How to monitor DNS query response time

Optimizing DNS Performance for Better Network Efficiency

DNS (Domain Name System) servers translate standard language web addresses to their actual IP addresses for network access.

DNS Lookup Journey

DNS response time is the time it takes a Domain Name Server to receive the request for a domain name’s IP address, process it, and return the IP address to the browser or application requesting it. When it comes to DNS response times, the lower the better, and generally values less than 100ms are considered to be in the acceptable range (depending on the application).

To understand how DNS response times affect the performance of your application it is important to monitor it continually along with other metrics of application and infrastructure performance. This will help you to correlate where the problem is triggered by DNS latency and where it isn’t. 

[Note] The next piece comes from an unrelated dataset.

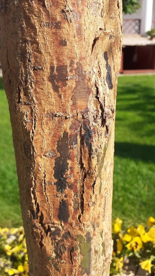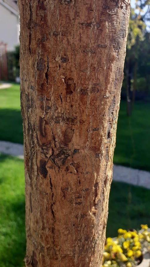 Mellékeltem az új fotókat. A törzse a fának egyszínű zöld volt, mint egy bambusz, aztán viszonylag rövid idő alatt barna lett, és repedések vannak rajta. Levele után megnéztem, és a repedéseknél benyomható, puha.

DNS response times can be optimized by (among other things) choosing the right DNS provider. There are many factors which influence the response times of a particular DNS provider, such as the geographic location of the server or how much traffic it receives. The default DNS server in use may not always be the best choice. There are many DNS options available today offering free, fast and secure DNS services. 

Using Netdata you can quickly probe and compare DNS query response times across multiple DNS servers. Let’s see how to do this using the primary DNS server IPs from 5 of the most popular DNS providers.

  1. Google (8.8.8.8)
  2. Cloudflare (1.1.1.1)
  3. Quad9 (9.9.9.9)
  4. OpenDNS (208.67.222.222)
  5. AdGuard DNS (94.140.14.14)

As a prerequisite you need to sign up for a free Netdata cloud account and install the open source Netdata agent on the client from which you want to monitor DNS query response times. Then just go to the Netdata configuration directory (usually /etc/netdata) and run ./edit-config go.d/dns_query.conf. After entering the domains you want to use in your query and the DNS server IPs just restart netdata and the DNS query charts should be visible within seconds.

Here’s a sample configuration to monitor the query latency from the 5 DNS providers we mentioned previously. 

update_every: 10
jobs:
 - name: latency
   record_types:
     - A
     - AAAA
   domains:
     - google.com
     - github.com
     - reddit.com
     - netdata.cloud
   servers:
     - 8.8.8.8
     - 9.9.9.9
     - 1.1.1.1
     - 208.67.222.222
     - 94.140.14.14

The DNS query response time should now be visible for monitoring on your Netdata overview tab. You can see the results in the Netdata Demo Space. In this particular case you can see that most of the time the DNS response times stay within a 25ms to 75ms range but there are instances where the primary DNS from Quad9 (9.9.9.9) and AdGuard (94.140.14.14) spike significantly above 100ms. 

“DNS Query Spike”

Monitoring these values over a longer period of time, and exercising finer grain control by choosing the base protocol (UDP or TCP or TLS) that you want the DNS probing to use or selecting the DNS record types (A, AAAA, TXT, CNAME, SRV etc.) to be used as per your use-case will allow you to maximize the value you get from DNS query response monitoring.

You can modify the Group by or Filtered by chart options to drill down into the view that helps you find what you need. 

You can compare how query times differ across different DNS record types, the example below shows A vs AAAA DNS query times. 

“DNS Query 3”

In addition to the query latency chart, there’s also a chart that gives you a quick idea if any of the DNS servers have failures. Network errors and DNS errors are called out separately.

“DMS Response Time 4”

What if you want to be notified when the DNS response times are consistently above a threshold of your choosing? Well, you can define a custom alert to do exactly this. Here’s how you would define an alert to warn you if the average DNS query round trip time over the last 10 seconds exceeds 500ms and notify you with a critical alert if it exceeds 1 second.

template: dns_query_time_query_time
       on: dns_query_time.query_time
    class: Latency
     type: DNS
component: DNS
    hosts: *
   lookup: average -10s unaligned foreach *
    units: ms
    every: 10s
     warn: $this > 500
     crit: $this > 1000
    delay: up 20s down 5m multiplier 1.5 max 1h
     info: average DNS query round trip time over the last 10 seconds
       to: sysadmin

If the conditions defined in the alert are triggered, you will be notified (for representational purposes in the below screenshot a critical alert was triggered at > 50ms) 

“DNS Query Response Time”

If your monitoring use-case is different or more sophisticated such as monitoring a DNS server, the way to do this would be different. If you’re using CoreDNS, then Netdata collects and visualizes 25+ metrics that help you monitor the performance of your CoreDNS instances.

Happy Troubleshooting!